Mitigation ID: MIT-30.1
Phase: Implementation
Strategy: Output Encoding
Description:
- Use and specify an output encoding that can be handled by the downstream component that is reading the output. Common encodings include ISO-8859-1, UTF-7, and UTF-8. When an encoding is not specified, a downstream component may choose a different encoding, either by assuming a default encoding or automatically inferring which encoding is being used, which can be erroneous. When the encodings are inconsistent, the downstream component might treat some character or byte sequences as special, even if they are not special in the original encoding. Attackers might then be able to exploit this discrepancy and conduct injection attacks; they even might be able to bypass protection mechanisms that assume the original encoding is also being used by the downstream component.

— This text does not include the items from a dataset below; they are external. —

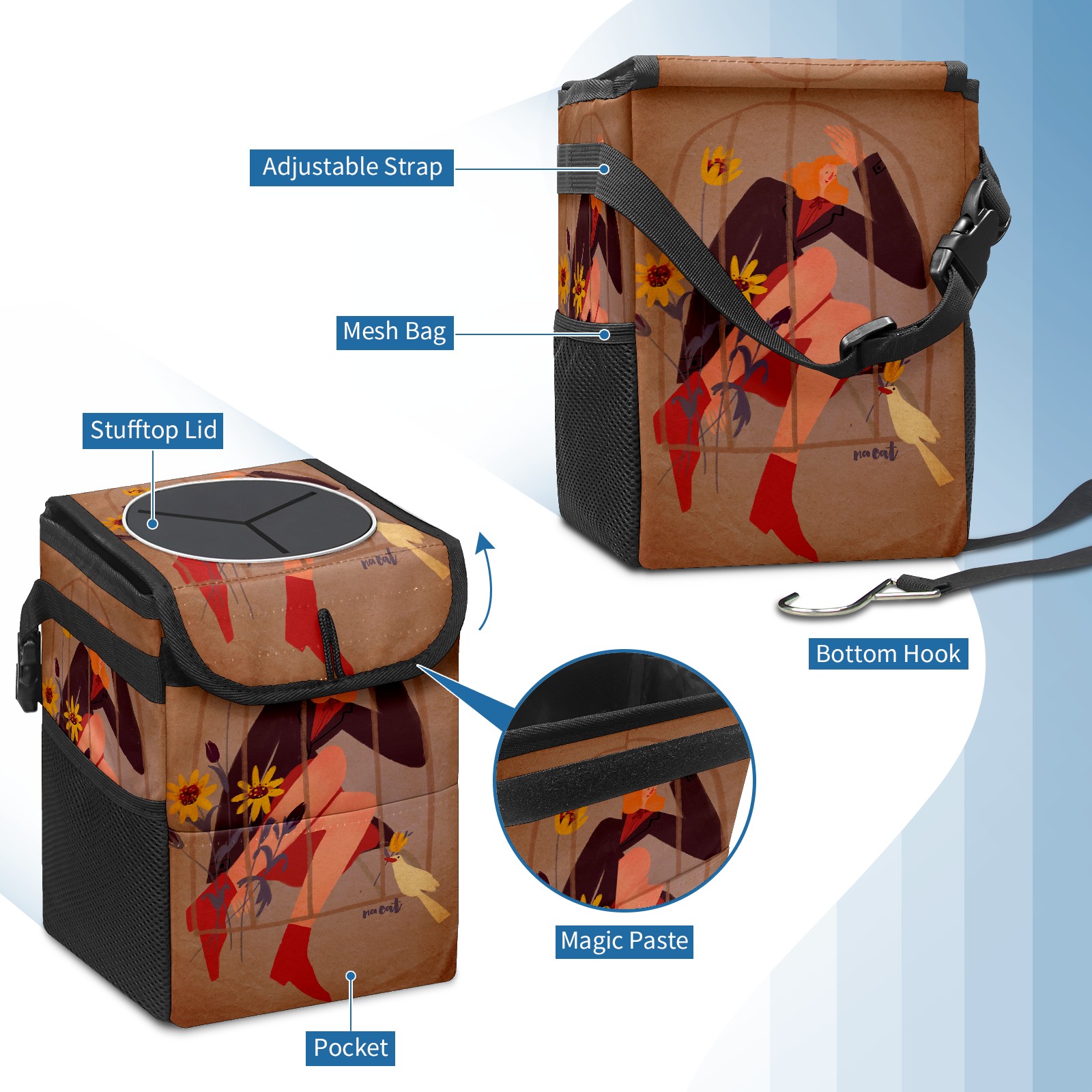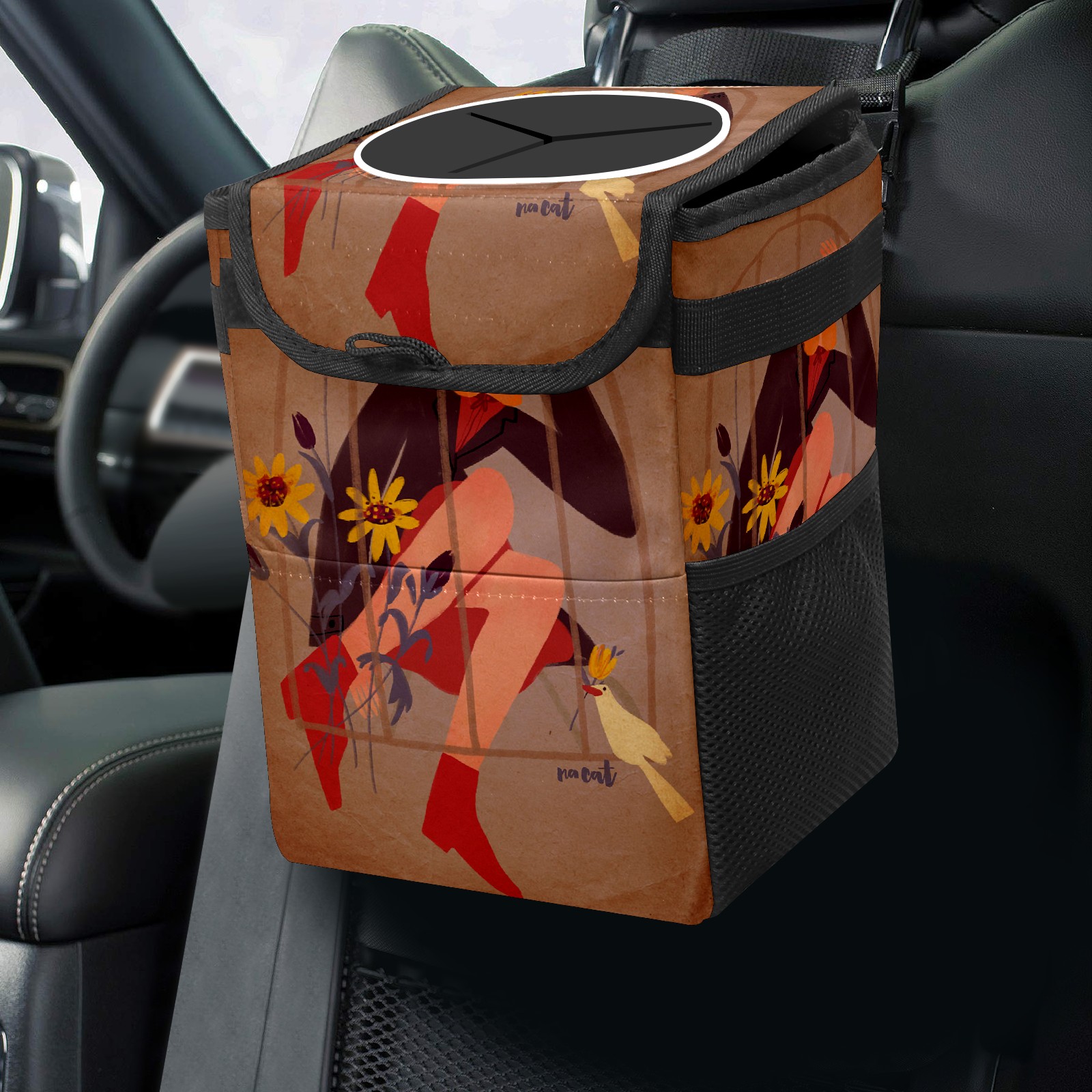 Car Trash Bin with Lid Auto Garbage Bag Hanging for Back Seat - Leakproof Trash Can for Cars SUVs Trucks Vehicle Car Accessories (复古杂志修改5)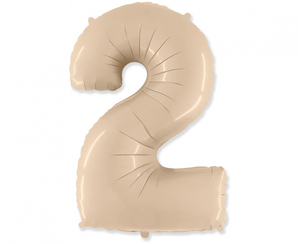 Folienballon Zahl 2, creme Satin, 66 cm, Geburtstagsdeko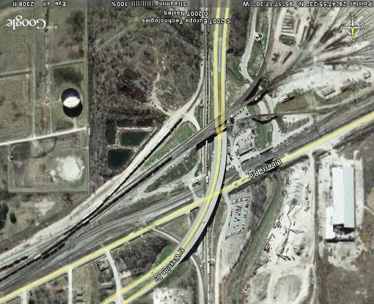 From the downtown area, I would come out of town on US59, heading north, and then take 610 east to exit 22, Homestead Rd. Take a right, and it will run into Liberty at the yard... take a left. When you come to a highway overpass, you're at the location. There's a grade crossing with the original UP line, and you should be able to pull off the road along Liberty.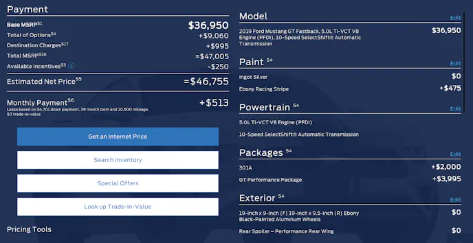 Ford recently launched the Build & Price site for the 2019 Mustang, which will hit the streets this summer. This site lets you easily point and click through the sometimes-complicated palette of options available on the latest pony car. This is quite helpful in planning such a major purchase with base prices ranging from $25,845 (for an EcoBoost fastback) to $46,595 (for a Bullitt) before destination and delivery.

- The problem of inconsistent output encodings often arises in web pages. If an encoding is not specified in an HTTP header, web browsers often guess about which encoding is being used. This can open up the browser to subtle XSS attacks.
Mitigation ID: MIT-43
Phase: Implementation
Description:
- With Struts, write all data from form beans with the bean's filter attribute set to true.
Mitigation ID: MIT-31
Phase: Implementation
Strategy: Attack Surface Reduction
Description:
- To help mitigate XSS attacks against the user's session cookie, set the session cookie to be HttpOnly. In browsers that support the HttpOnly feature (such as more recent versions of Internet Explorer and Firefox), this attribute can prevent the user's session cookie from being accessible to malicious client-side scripts that use document.cookie. This is not a complete solution, since HttpOnly is not supported by all browsers. More importantly, XmlHttpRequest and other powerful browser technologies provide read access to HTTP headers, including the Set-Cookie header in which the HttpOnly flag is set.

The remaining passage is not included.